Fury as Goldman Sachs unveils bankers' pay
An increased proportion of revenue is to be dished out to senior staff next week
James Moore is the Independent's Associate Business Editor and writes the Outlook City comment column from Tuesday to Friday. He also has a keen interest in disability issues and when not attempting to further injure himself playing wheelchair basketball.
Sunday 15 January 2012
Goldman Sachs will stoke the fury over bankers' bonuses this week when it increases the proportion of revenues paid to staff despite what could be its worst year for earnings since 1999.
The bank – which will report its final results for 2011 on Wednesday – has already set aside 44 per cent of the $22.76bn (£14.89bn) of revenues it generated during the first nine months of the year to pay staff. The lion's share will be shared by a small number of elite level "partners".
If pay remains at that level in the fourth quarter, the final compensation ratio will show a significant rise over the 39.3 per cent of revenues handed out by Goldman in 2010, when the total pay out was $15.38bn.
Although the average salary for the first nine months enjoyed by Goldman employees is down to $292,397 from $370.056 in the first three quarters of 2010, that the bankers' share of revenue is rising will anger critics.
This would counter banking industry arguments that remuneration policies are set up to reward those who generate good performance for all the bank's shareholders rather than just to keep senior staff in the manner to which they have become accustomed.
Analysts expect Goldman's final numbers to show a 62 per cent fall in earnings per share when compared to last year.
Speaking to the New York Times' Dealbook blog, Mike Mayo, an analyst with brokerage CLSA, said: "In the tug of war between employees and shareholders, the employees are winning."
Mr Mayo also said that Wall Street has its own 99 per cent and 1 per cent with those at the very top commanding the vast majority of bonus pools. Partners at Goldman could still enjoy packages of $3m or more, despite what might be the poorest 12 months for earnings since the bank floated on the New York Stock Exchange 13 years ago.
On this side of the Atlantic, the TUC's general secretary Brendan Barber said: "And so the bonus season is upon us again. This is the time of year when ordinary people discover that the bankers in the City – whose irresponsible behaviour and reckless risk-taking led to the global crash – are yet again to enjoy a bonus extravaganza."
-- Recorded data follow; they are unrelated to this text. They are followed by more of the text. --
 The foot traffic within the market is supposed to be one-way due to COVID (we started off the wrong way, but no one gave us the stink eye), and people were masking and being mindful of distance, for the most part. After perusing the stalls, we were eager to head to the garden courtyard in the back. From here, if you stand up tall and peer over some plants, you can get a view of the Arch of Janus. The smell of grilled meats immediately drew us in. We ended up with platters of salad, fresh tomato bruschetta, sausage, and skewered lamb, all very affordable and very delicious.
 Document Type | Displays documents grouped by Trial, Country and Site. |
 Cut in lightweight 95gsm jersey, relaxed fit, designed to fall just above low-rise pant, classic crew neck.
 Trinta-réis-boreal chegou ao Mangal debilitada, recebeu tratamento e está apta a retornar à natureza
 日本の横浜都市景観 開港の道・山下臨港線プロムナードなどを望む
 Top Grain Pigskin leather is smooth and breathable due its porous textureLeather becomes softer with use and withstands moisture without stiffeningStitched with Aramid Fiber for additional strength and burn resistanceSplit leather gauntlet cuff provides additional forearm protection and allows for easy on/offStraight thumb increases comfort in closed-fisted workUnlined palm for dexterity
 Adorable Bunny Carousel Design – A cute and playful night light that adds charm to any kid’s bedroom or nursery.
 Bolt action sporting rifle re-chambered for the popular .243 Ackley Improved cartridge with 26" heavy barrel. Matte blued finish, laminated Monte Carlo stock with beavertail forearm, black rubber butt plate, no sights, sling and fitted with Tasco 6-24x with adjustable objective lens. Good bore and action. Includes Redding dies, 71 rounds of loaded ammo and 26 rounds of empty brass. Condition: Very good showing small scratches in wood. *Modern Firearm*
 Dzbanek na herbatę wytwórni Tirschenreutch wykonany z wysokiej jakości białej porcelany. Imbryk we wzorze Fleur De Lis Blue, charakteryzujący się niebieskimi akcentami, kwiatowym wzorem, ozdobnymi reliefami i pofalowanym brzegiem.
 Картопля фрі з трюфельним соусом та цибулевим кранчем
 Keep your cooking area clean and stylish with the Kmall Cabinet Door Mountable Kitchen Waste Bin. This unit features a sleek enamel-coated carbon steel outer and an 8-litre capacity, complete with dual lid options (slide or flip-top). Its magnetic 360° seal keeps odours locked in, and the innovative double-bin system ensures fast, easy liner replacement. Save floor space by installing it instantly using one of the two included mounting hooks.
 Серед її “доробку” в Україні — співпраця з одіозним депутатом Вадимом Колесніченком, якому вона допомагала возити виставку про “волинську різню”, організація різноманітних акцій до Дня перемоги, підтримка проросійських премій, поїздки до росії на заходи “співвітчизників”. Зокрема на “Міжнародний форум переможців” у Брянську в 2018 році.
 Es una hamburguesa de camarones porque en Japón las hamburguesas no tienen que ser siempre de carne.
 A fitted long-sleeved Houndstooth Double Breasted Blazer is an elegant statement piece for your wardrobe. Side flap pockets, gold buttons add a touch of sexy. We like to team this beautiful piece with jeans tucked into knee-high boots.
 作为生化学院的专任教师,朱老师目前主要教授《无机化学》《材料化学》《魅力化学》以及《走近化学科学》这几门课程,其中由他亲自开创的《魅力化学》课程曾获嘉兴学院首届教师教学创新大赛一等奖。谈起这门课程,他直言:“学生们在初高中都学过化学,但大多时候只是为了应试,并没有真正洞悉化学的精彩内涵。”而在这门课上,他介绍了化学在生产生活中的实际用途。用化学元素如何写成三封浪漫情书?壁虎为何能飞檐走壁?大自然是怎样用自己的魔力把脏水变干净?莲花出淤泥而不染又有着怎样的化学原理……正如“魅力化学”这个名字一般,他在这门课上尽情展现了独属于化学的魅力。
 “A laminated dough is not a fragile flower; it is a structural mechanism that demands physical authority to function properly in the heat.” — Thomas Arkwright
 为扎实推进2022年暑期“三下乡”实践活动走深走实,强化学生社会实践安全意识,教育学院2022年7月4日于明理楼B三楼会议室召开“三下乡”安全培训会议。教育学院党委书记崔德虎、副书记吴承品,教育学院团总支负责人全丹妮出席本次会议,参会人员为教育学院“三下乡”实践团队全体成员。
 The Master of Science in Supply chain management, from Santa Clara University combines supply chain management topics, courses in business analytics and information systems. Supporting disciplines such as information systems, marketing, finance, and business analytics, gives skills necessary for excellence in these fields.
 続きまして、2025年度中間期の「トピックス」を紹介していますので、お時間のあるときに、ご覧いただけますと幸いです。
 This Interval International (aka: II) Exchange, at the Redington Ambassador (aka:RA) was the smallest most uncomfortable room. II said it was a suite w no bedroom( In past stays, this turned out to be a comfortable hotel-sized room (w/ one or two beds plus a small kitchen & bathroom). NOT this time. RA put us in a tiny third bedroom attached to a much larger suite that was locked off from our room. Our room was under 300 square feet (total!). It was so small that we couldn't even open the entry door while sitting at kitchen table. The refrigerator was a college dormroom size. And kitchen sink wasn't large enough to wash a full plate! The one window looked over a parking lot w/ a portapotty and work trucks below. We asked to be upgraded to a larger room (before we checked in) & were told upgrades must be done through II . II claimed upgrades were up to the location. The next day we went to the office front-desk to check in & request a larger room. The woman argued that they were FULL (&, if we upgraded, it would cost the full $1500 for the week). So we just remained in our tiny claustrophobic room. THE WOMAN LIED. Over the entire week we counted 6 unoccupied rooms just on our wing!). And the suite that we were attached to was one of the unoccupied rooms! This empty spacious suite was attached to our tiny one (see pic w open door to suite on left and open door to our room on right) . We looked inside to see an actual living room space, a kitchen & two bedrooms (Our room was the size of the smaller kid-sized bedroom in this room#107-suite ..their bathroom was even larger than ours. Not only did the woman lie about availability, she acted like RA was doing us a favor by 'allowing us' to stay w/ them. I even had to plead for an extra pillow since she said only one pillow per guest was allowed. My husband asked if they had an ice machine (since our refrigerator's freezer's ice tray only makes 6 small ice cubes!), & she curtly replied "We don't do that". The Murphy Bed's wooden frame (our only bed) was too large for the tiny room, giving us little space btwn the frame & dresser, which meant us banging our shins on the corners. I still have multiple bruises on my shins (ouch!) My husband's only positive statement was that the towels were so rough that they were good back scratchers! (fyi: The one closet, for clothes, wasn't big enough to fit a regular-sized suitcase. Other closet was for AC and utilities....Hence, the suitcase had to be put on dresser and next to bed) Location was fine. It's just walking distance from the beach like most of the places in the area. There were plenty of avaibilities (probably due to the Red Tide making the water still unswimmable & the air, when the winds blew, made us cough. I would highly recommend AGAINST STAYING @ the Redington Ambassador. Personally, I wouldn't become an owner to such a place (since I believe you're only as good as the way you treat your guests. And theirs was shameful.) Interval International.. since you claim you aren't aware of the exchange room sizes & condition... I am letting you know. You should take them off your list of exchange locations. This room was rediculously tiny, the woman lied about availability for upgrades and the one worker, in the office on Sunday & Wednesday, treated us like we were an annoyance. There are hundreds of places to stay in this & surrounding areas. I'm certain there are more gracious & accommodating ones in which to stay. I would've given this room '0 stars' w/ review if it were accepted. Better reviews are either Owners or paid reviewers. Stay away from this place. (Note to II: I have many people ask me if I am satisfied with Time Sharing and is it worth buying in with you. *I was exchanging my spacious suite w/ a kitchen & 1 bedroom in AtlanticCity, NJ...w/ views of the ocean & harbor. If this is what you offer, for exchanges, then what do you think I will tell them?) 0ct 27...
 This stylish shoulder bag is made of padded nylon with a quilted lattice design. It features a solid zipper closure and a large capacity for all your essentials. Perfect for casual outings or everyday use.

Mr Barber called on the Government to "move beyond the rhetoric over top pay" and make bonuses above £260,000 liable for corporation tax. He also called for the re-introduction of a tax on bankers' bonuses. The previous government introduced a one-off banking "pay roll tax" aimed at bumper bonus payments.
Not all banks have made such huge payouts. On Friday, JP Morgan kicked of the banking reporting season and cut its investment bank's compensation ratio to 34 per cent from 35 per cent in 2010. In contrast to Goldman, its revenue was flat at $26.274bn compared to $26.217bn. Overall, profits increased by 9 per cent, although they fell by 22 per cent in the fourth quarter.
The bank's head count fell to 25,999 against 26,314 putting the average salary at about $342,000 compared with $369,000 the previous year.
Goldman has also cut staff beyond a regular yearly cull of those rated as poor perfomers.